Burning Up? A Guide to Treating Heat Illness
In the above image, firefighters simulate the evacuation of a fellow firefighter suffering from heat illness.
Heat illness encompasses a spectrum of disorders caused by environmental heat exposure, including minor conditions—such as heat rash, heat cramps, heat syncope, and heat exhaustion—as well as the most severe condition, heat stroke. Heat stroke is generally defined as a body temperature exceeding 40.5°C (104.9°F) due to environmental heat exposure with lack of thermoregulation. It results in multiple organ dysfunction or central nervous system (CNS) abnormalities.[1,2] Approximately 700 deaths are attributable to heat illness each year in the United States.[3,4]

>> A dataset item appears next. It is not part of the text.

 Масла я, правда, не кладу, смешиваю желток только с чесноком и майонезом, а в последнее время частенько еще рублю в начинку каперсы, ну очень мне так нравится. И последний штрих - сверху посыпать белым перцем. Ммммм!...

Burning Up? A Guide to Treating Heat Illness
People at risk for heat-related illness include those who are often exposed to hot climates without enough shade or water or without proper clothing. Individuals who are poorly hydrated because of illness, poor fluid intake, or excess alcohol consumption are also at risk. Obesity is an independent risk factor,[5] and it should be noted that females do not tolerate heat as well as men do during exercise.[6]

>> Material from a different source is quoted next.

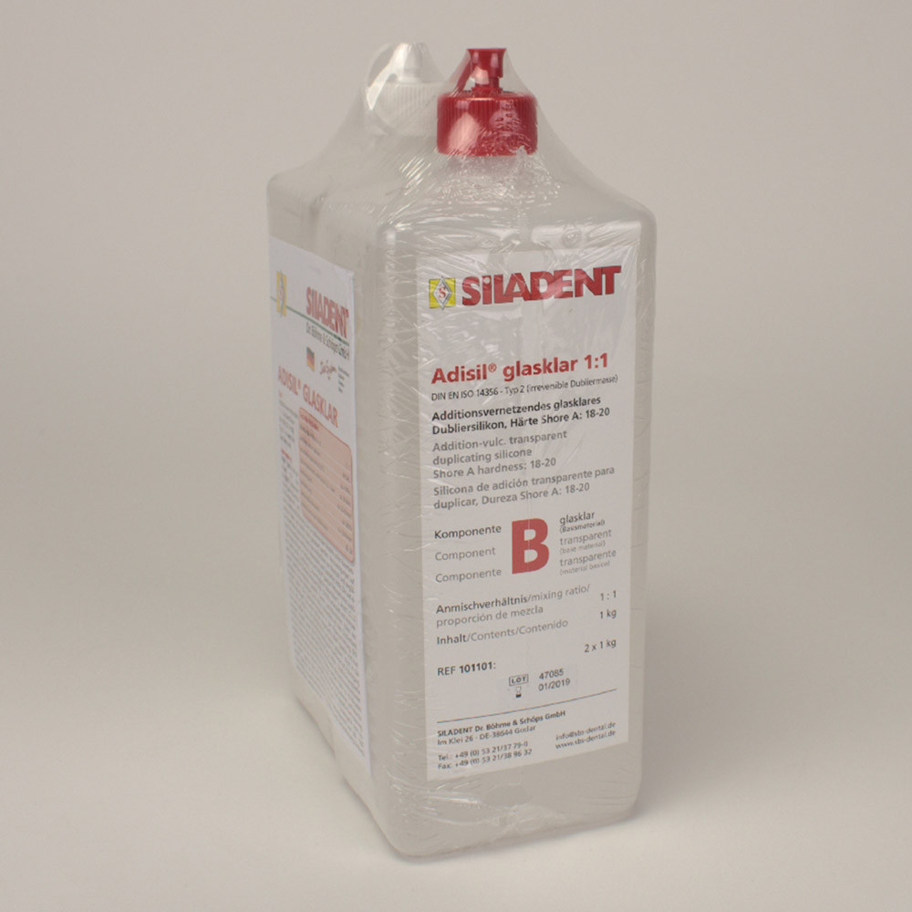 Ein glasklares additionsvernetzendes Dubliersilikon für Einzelstumpfdublierungen. Dosierung 1:1. Lichthärtende Composites mit einer Wellenlänge von 300 und 500 nm lassen sich durch das Silikon hindurch polymerisieren. Gezielter Einsatz in der Kunststoffprothetik.

The chance of developing heat illness is especially high for nonathletes or "weekend warriors" who engage in strenuous physical activities and tend to be less prepared for heat exposure. However, even seasoned athletes may succumb to heat illness.
Some drugs and medications increase the risk of heat illness, including alcohol, antihistamines, beta blockers, diuretics, and laxatives.[7] Vasoconstrictors and beta blockers prevent appropriate thermoregulation and can exacerbate the effects of heat. The initial signs of heat illness are frequently neurologic because the brain is highly susceptible to hyperthermia.[8]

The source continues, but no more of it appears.